Now we have our two relationships.

The number of distinct icons that can be made is the number of ways to split 7 halos amongst ( 7 - x ) saints times the number of ways to choose x saints of 7 saints to NOT have halos.

Let I(x) be the number of distinct icons

I(x) = [ 6!/( (6-x)!*x! ) ]*[ 7!/( x!*(7-x)! ]

From here ( using a spreadsheet ) check the values of x.

We see at x = 3 ( 3 saints without halos )

I ( 3 ) = [ 5*2*2 ]*[7*5] = 700

And we are done!

Another thing to note that the problem writers stressing that exactly "x" saints have halos ( "7-x" saints as I've defined x ) is important.
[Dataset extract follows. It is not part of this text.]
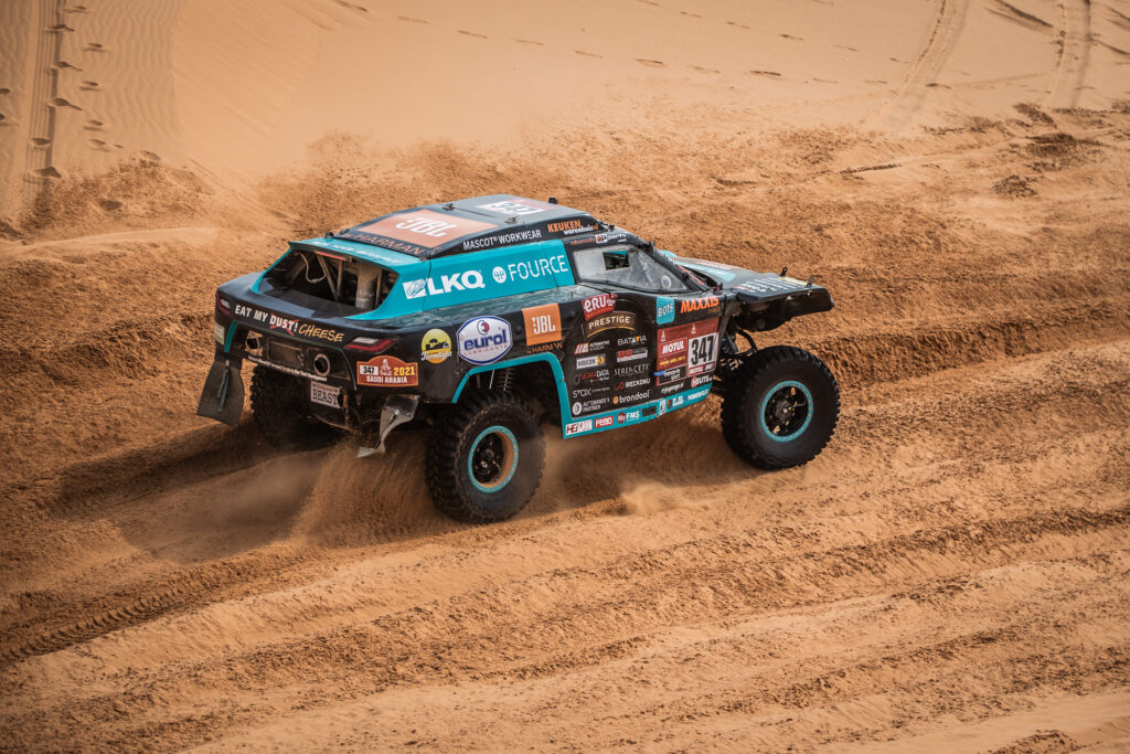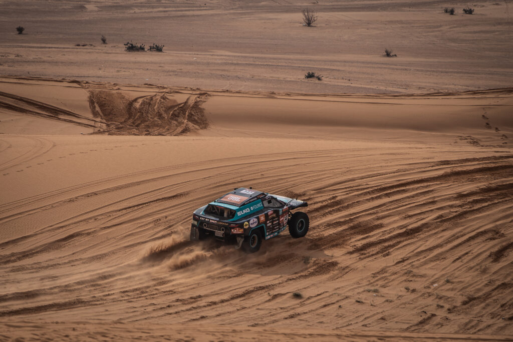 De etappe naar Al Qaisumah is zo’n lange en lastige dat de organisatie vooraf al besloot om de proef om 18.00 uur lokale tijd te sluiten voor motoren vanaf de tankstop op 330 km. Auto’s en trucks die niet voor middernacht aan de finish zijn, moeten daar de nacht doorbrengen in een geïmproviseerd bivakje. Voor Tim en Tom gold dat dus niet. Zij konden door naar het bivak 268 km verderop, waar The Beast zijn dagelijkse nachtelijke onderhoudsbeurt krijgt.

If they allow the number of saints that have halos vary ( some icons may have 2,3,6 halos etc...) you can sum them up in a particular way to get exactly 700 icons as well.

@venda said
I approached it in a slightly different way:-
700 is always the key in these things(I know that from reading the paper every week!)
So the multiples of the number of combinations of saints v icons(7!/x!) multiplied by the possible ways of dividing the halos between the 7 saints as in the chicken problem(7!-1/x!-1))must equal 700
I discounted 1 and 7 (obviously).700 does not ...[text shortened]...
plugging 4 into the equations yields 35*20 which equals 700 so the answer is 4 saints(x) have halos

Something is wrong with the formulas you've written out, but those are the same results...so you 've probably just misrepresented them a bit. Also, ours are basically the same method. Good solve!

@joe-shmo said
Back to the Bezique problem.

The probability of holding double Bezique as I understand it ( 2, Q, S+ 2, J, D ) after drawing 32 cards ( half of the deck - your opponent drawing the other half ) is:

C ( 32,4 )*C( 4,2)*2*2/( 64*63*62*61 ) = 35960*6*2*2/( 64*63*62*61 ) ≈ 6/100

Thanks for all your input my friend.
I'll keep looking at the Times puzzles to see if anything interesting comes up.